Voting electronically? Be very afraid!

Summary: This November's election marks the first widespread use of electronic voting in the US. There is considerable concern among computer security professionals and others that electronic voting is not secure and evidence keeps mounting that the current crop of machines are not secure as they could be.

SHARE:
TOPICS: Security
10

This November's election marks the first widespread use of electronic voting in the US. There is considerable concern among computer security professionals and others that electronic voting is not secure and evidence keeps mounting that the current crop of machines are not secure as they could be.

The Help America Vote Act (or HAVA) mandated certain things to states with respect to how the run elections. The most important for this discussion is a mandate that punch card voting machines be replaced. For many states that meant turning to electronic voting machines, commonly called direct recording equipment or DREs by voting officials and vendors.

We could argue that there were non-DRE alternatives for replacing voting equipment, but that train's left the station. Jurisdictions that have purchased DRE voting machines are not going to throw them out without a big fight.
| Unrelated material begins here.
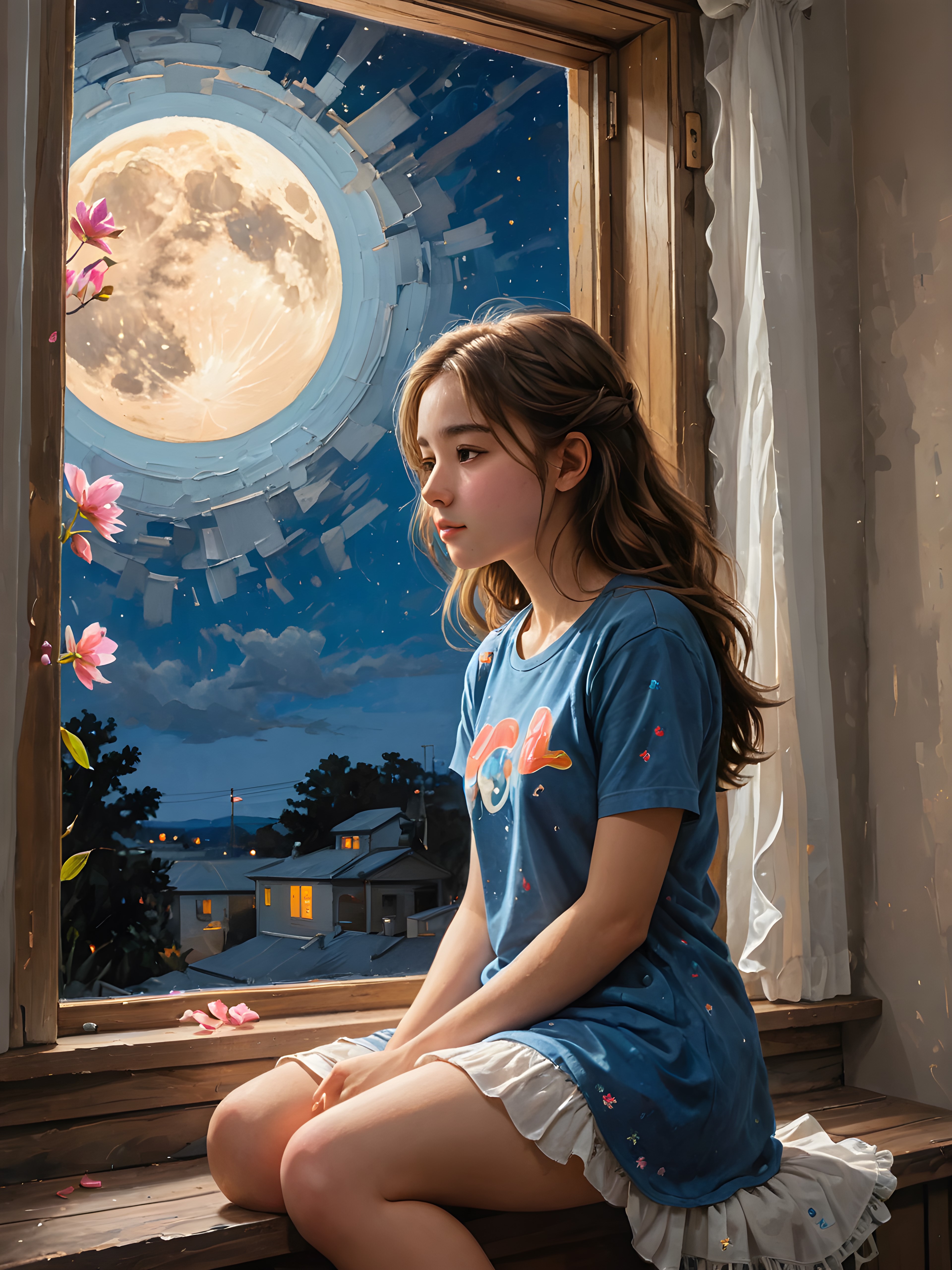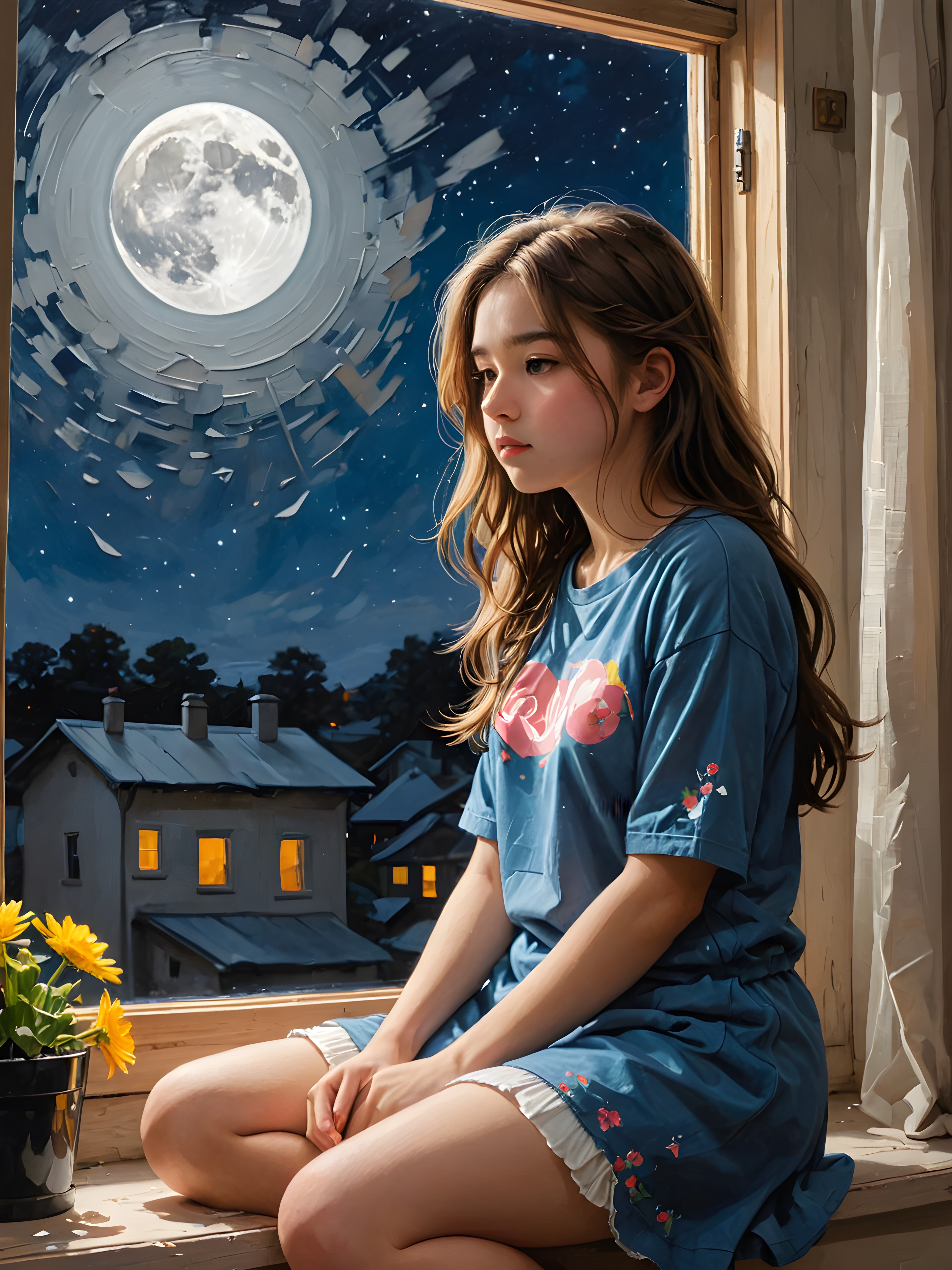 a (((lonely teen girl))) sitting by a window at night, her face silhouetted against the moon’s glow, its petals a poignant reminder of heartbreak, she wears a shot cropped t-shirt

So far activists haven't been able to put up enough of a stink to make most elections officials even break into a sweat.

On the positive side, most people who use DRE machines like them. My parents, in their 70's, reported to me that they really felt confident that they were voting for who they wanted. What's more, they weren't intimidated by the equipment. Most reports from voters who've used the machines give similar reports. This is music to an election official's ears.

I've been an advocate of working within the system to make the new machines as secure as possible. Given the realities of the situation that I just discussed, I still think that's the best option. Still, there is considerable reason to be scared.

One thing that's always let me sleep at night is the fact that most jurisdictions are using machines that provide a voter-verified paper audit trail. The problem is that while having an audit trail is a huge step forward, it's no panacea.

This paper on election confidence is enough to make you seriously question the efficacy of paper audit trails in many situations. We're used to pollsters telling us things with great confidence and small margins of error using what seem like miniscule sample sizes, so the assumption is that auditing ballots should be easy and cheap. Sadly, that's not the case.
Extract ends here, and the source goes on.